Lossy compression does use a mean square error distortion criterion if the source is continuous, but if it's already discrete/digital then it's a totally different process entirely that deals with maximization of a mutual information channel. It has an optimization step in there, but it isn't optimization itself, and the optimization is only one small part of the compression process.

Anonymous No. 16081906

>>16079818
>so why is OpenAI worth $100B?
That's air money, it doesn't really exist.

Anonymous No. 16081961

>>16080492
Because that lookup table is really useful, and it took a lot of expensive engineers and a lot of compute to create it, and investors think OpenAI is going to continue creating the world's best lookup tables and make a lot of money selling access to them.

Anonymous No. 16081992

>>16081283
unless it is.

Anonymous No. 16081994

>>16072536
Every neural network is built off discrete representations of continuous functions.

LUT are just literally the discrete representation of continuous functions.

I fucking hate computer scientists so God damn much. Neural networks are no different from ANY other classification or regression method, we are searching for optimal CONTINUOUS or DISCRETE functions (depending on inputs) that output results closest to our many equations few unknowns problem.

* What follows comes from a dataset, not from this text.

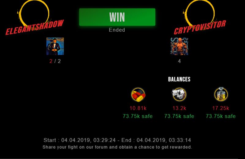 Congratulations @cryptovisitor ! Your fight received an upvote of 1.9% from the King Dealer as incentive for your activity and as a gratitude for your support to the game.

There's nothing special about this, but they're not just look-up tables either.

Anyway, neural networks are memes outside classification problems, and only certain flavors of classification problems like image, language, etc.

The hot shit for regression has been ensemble models for a good minute now. But all the problems are literally, at the end of the day:

Y = f(X; p) + e

We just switch around the architecture of f and search for optimal p, and then characterize e.